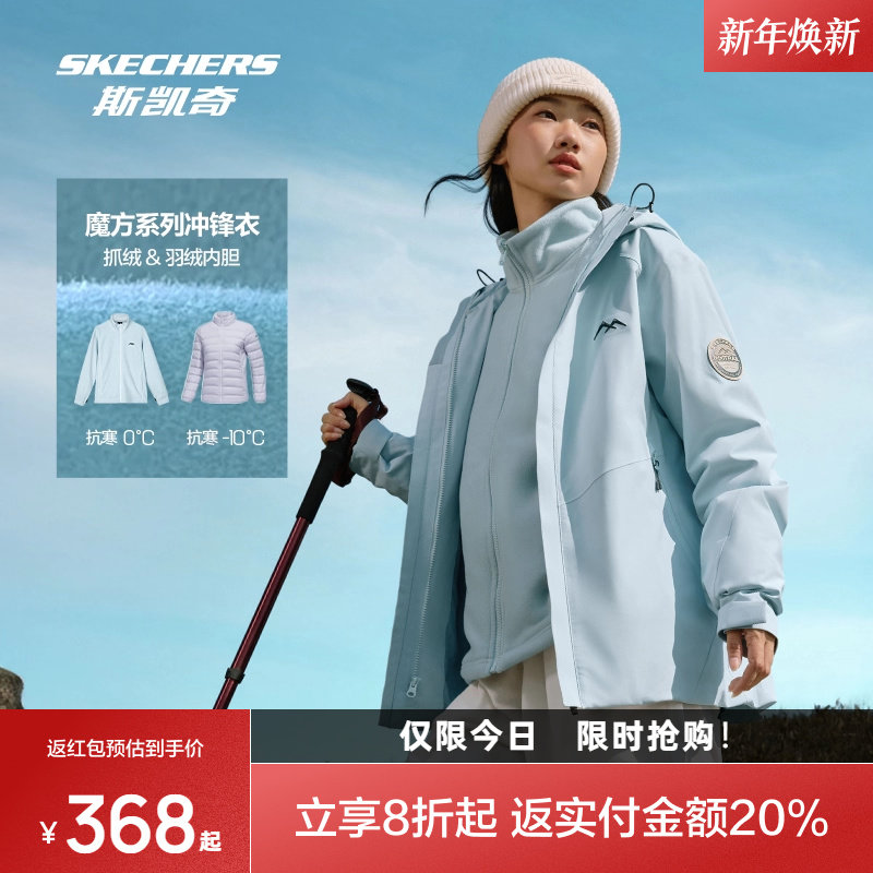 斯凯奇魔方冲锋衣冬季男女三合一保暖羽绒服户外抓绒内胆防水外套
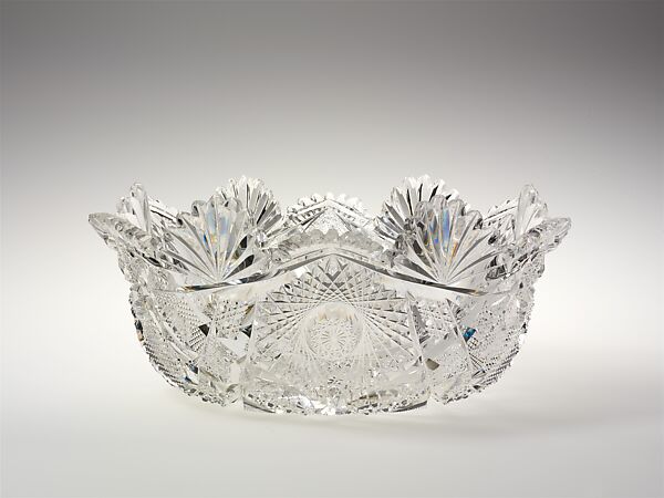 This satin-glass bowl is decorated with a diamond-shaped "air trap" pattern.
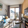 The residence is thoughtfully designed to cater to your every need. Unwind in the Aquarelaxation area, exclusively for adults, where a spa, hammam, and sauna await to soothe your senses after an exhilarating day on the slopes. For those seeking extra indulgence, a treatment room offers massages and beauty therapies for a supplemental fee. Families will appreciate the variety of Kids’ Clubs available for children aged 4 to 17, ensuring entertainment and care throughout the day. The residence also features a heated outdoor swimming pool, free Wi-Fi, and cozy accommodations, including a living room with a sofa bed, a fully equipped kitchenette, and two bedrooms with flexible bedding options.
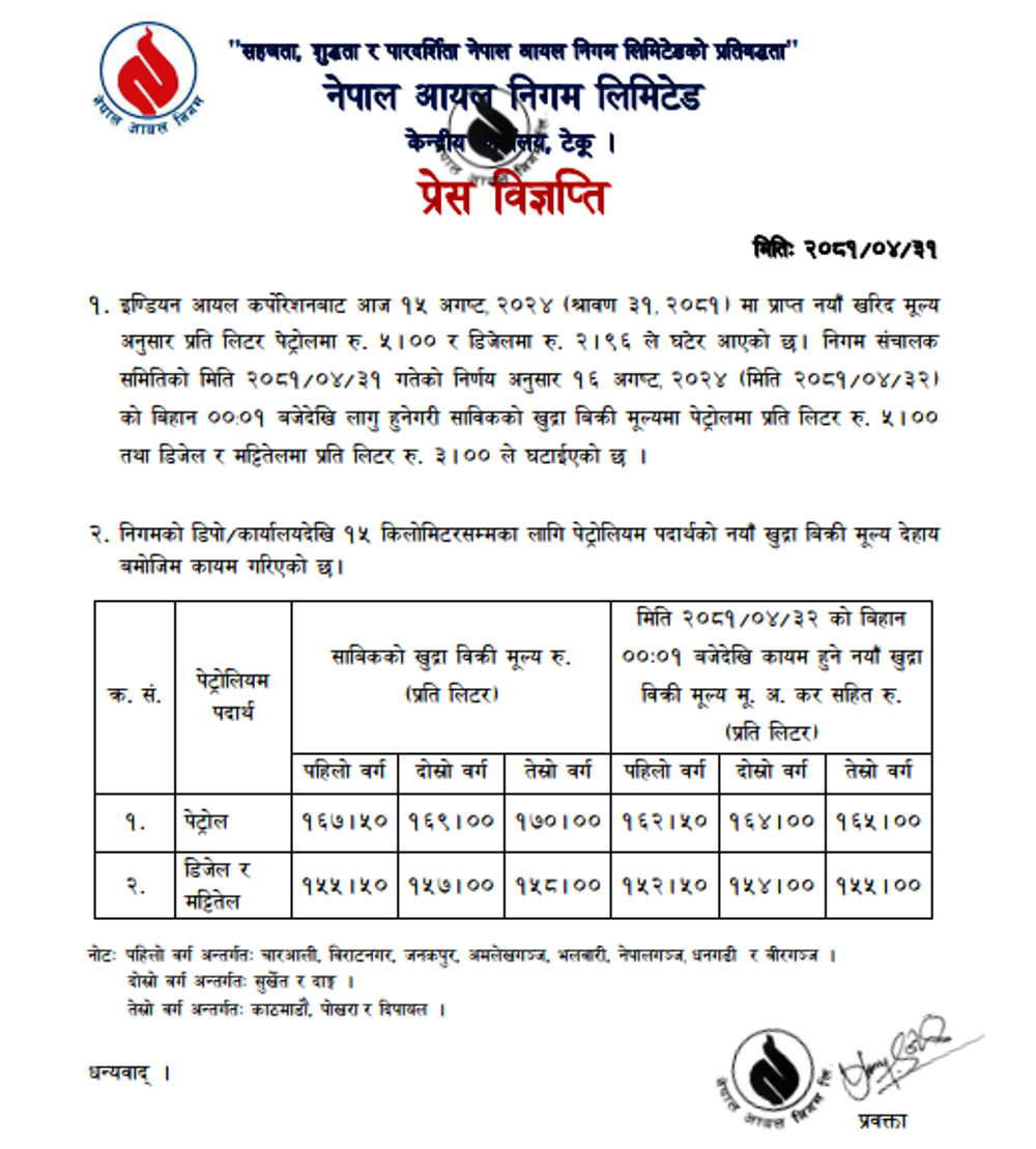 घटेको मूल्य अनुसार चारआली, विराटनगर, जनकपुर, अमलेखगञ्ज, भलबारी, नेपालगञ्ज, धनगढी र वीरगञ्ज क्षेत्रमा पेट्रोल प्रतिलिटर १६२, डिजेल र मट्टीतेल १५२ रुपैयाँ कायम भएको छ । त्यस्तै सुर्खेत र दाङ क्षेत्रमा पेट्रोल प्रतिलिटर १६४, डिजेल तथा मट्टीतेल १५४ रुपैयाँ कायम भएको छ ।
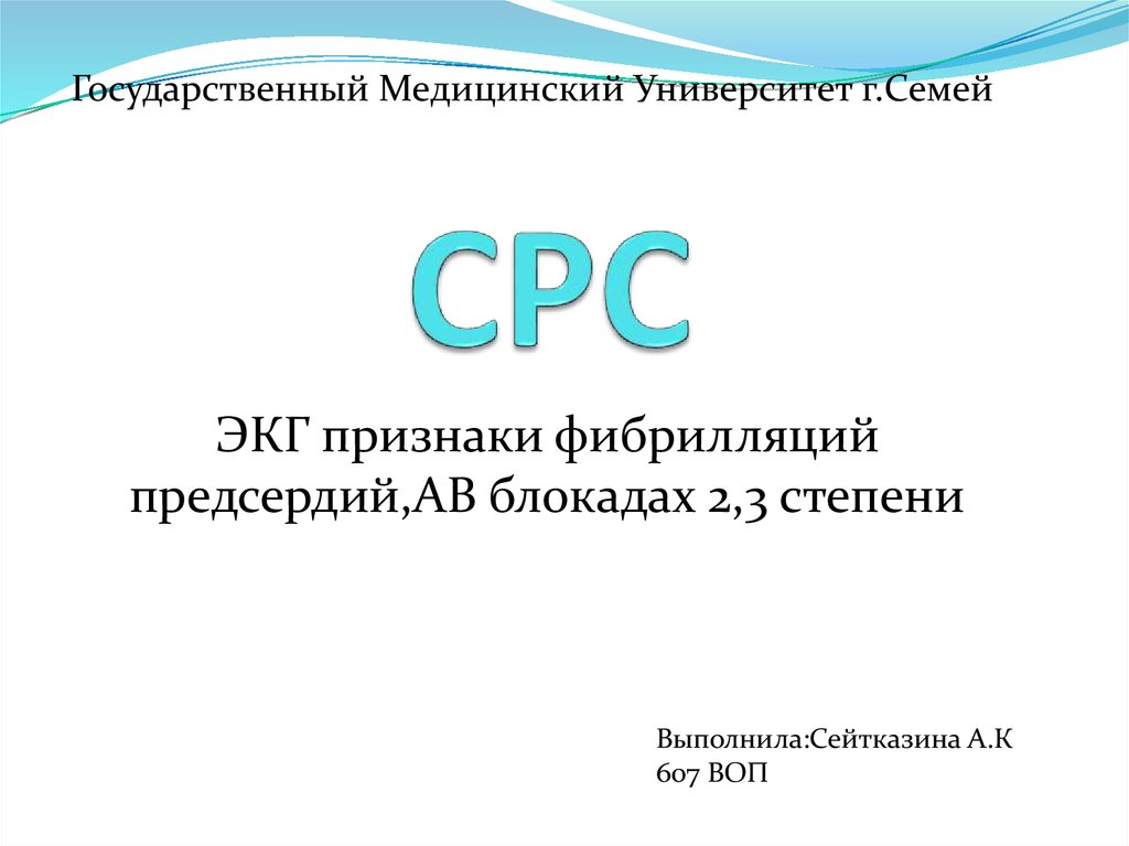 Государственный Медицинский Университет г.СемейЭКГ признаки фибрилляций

# # #

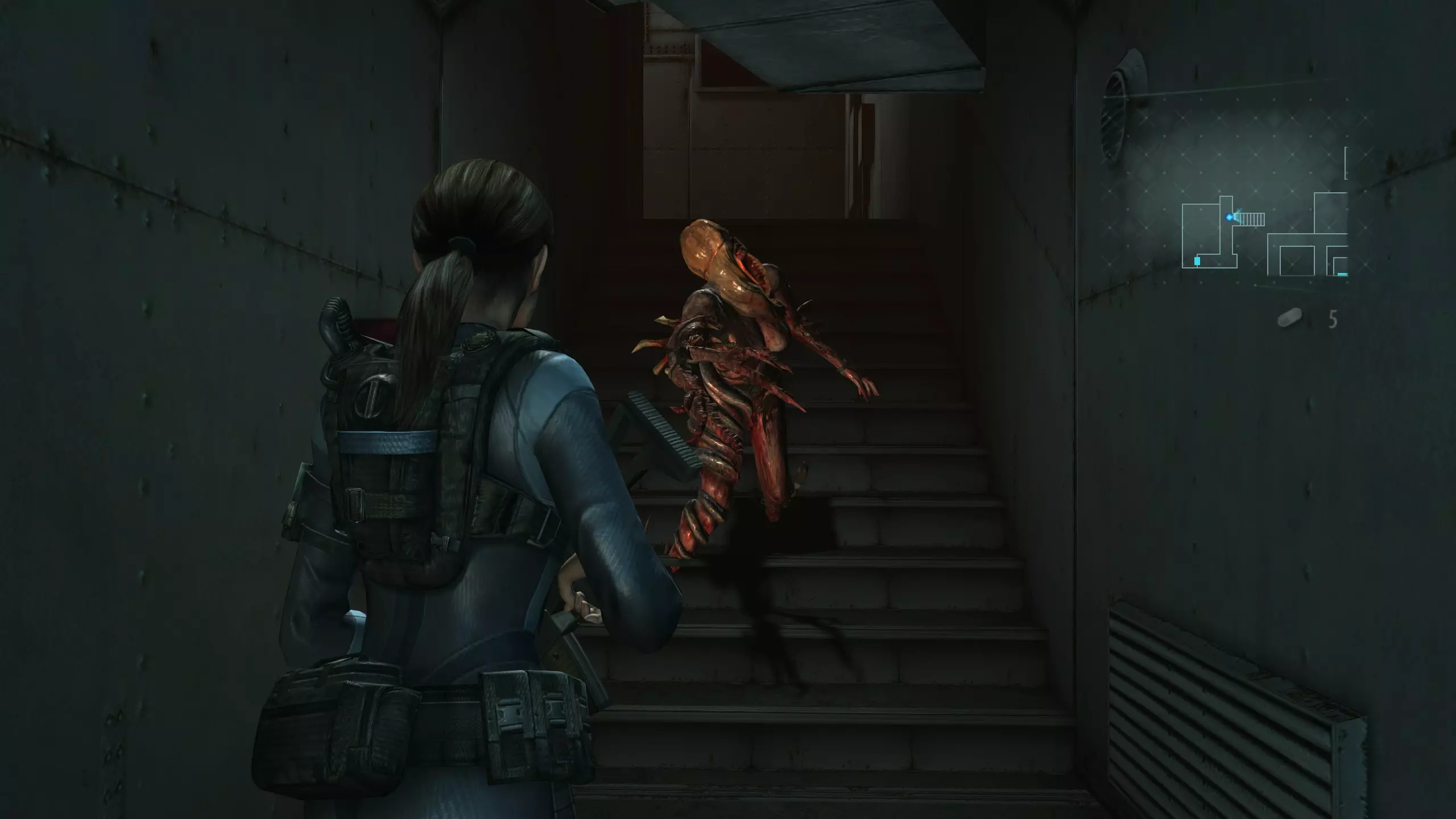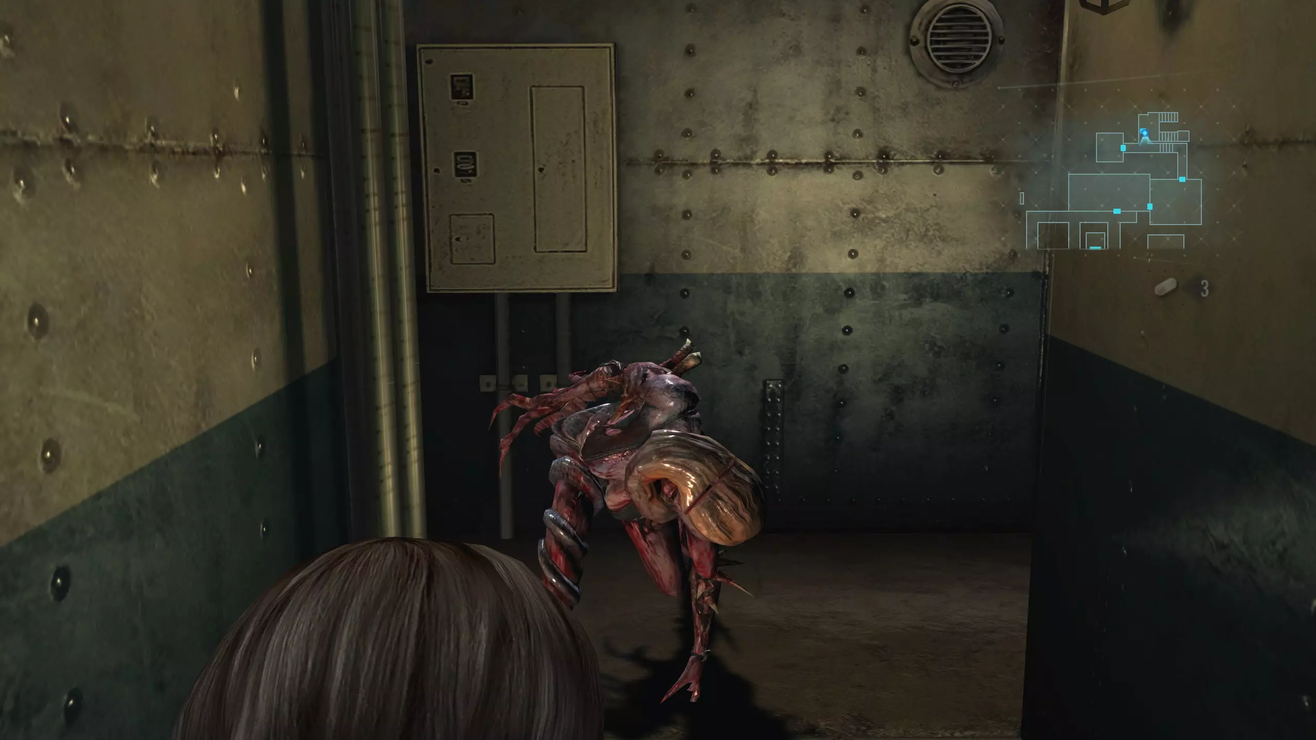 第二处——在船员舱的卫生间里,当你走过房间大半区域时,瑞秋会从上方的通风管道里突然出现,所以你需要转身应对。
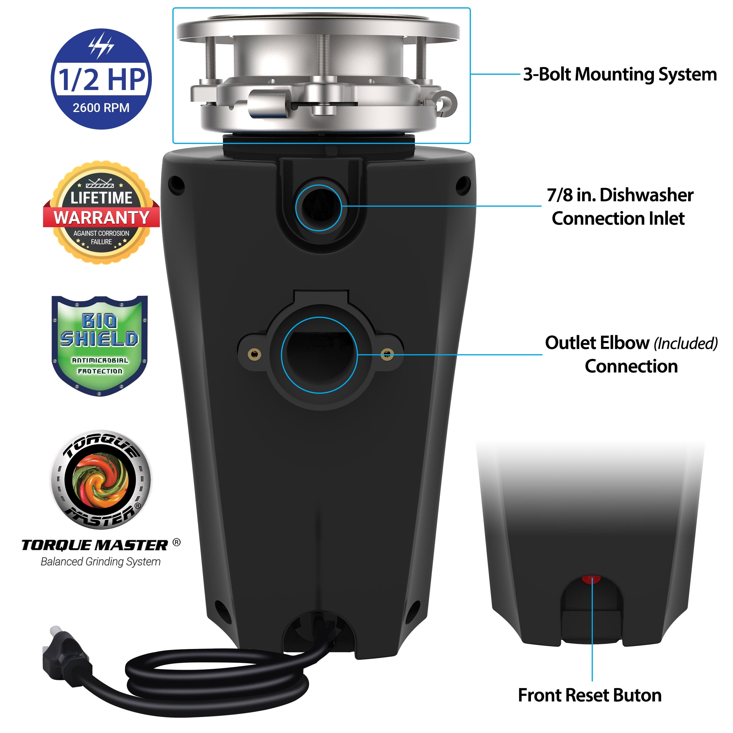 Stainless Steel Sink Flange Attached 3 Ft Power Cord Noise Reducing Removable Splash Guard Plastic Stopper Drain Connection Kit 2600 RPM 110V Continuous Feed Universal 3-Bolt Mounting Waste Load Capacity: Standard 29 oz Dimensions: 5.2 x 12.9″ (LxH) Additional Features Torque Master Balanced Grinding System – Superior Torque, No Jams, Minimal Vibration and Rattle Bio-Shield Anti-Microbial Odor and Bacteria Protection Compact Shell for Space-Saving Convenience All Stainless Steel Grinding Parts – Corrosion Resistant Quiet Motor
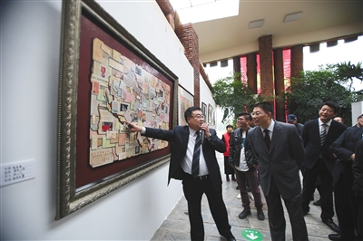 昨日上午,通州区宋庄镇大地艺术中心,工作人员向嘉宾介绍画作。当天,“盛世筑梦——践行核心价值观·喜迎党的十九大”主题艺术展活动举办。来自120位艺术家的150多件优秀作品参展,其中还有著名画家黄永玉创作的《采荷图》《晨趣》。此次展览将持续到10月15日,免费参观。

# # #

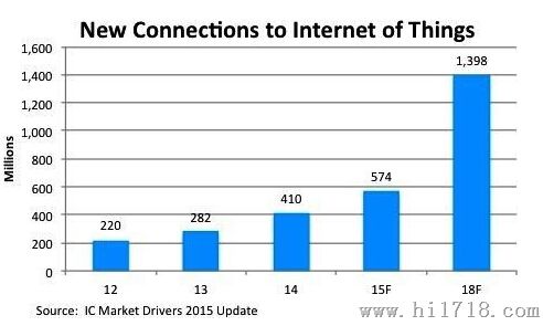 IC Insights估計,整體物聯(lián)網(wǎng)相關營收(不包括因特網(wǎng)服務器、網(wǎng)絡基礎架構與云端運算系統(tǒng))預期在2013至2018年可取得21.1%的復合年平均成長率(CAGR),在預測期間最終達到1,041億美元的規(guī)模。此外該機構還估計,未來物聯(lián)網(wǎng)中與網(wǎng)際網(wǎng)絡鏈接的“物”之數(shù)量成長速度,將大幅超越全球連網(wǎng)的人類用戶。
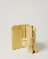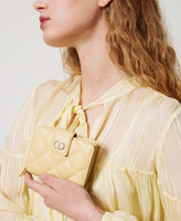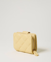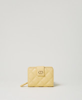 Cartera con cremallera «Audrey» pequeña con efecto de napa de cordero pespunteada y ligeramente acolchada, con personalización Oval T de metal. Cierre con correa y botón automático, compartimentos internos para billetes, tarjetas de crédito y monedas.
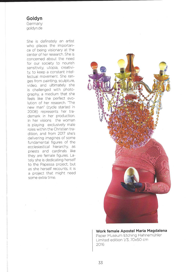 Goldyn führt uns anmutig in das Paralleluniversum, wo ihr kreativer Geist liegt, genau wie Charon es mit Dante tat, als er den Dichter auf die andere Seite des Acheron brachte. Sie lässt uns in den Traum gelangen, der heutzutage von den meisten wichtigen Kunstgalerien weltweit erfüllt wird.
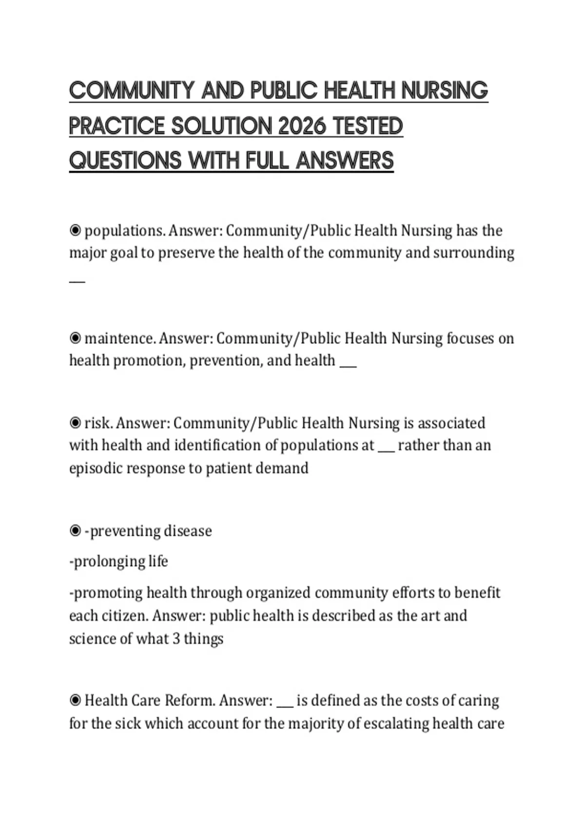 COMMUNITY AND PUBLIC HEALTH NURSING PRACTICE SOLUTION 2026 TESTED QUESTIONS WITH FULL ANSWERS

# # #

ASSIGNED TASK: Could you write out exactly the lines of the data above that run from the one holding "第二处——在船员舱的卫生间里" to the one holding "昨日上午,通州区宋庄镇大地艺", with both ends in and all pictures out?

EXERCISE OUTPUT:
 第二处——在船员舱的卫生间里,当你走过房间大半区域时,瑞秋会从上方的通风管道里突然出现,所以你需要转身应对。
 Stainless Steel Sink Flange Attached 3 Ft Power Cord Noise Reducing Removable Splash Guard Plastic Stopper Drain Connection Kit 2600 RPM 110V Continuous Feed Universal 3-Bolt Mounting Waste Load Capacity: Standard 29 oz Dimensions: 5.2 x 12.9″ (LxH) Additional Features Torque Master Balanced Grinding System – Superior Torque, No Jams, Minimal Vibration and Rattle Bio-Shield Anti-Microbial Odor and Bacteria Protection Compact Shell for Space-Saving Convenience All Stainless Steel Grinding Parts – Corrosion Resistant Quiet Motor
 昨日上午,通州区宋庄镇大地艺术中心,工作人员向嘉宾介绍画作。当天,“盛世筑梦——践行核心价值观·喜迎党的十九大”主题艺术展活动举办。来自120位艺术家的150多件优秀作品参展,其中还有著名画家黄永玉创作的《采荷图》《晨趣》。此次展览将持续到10月15日,免费参观。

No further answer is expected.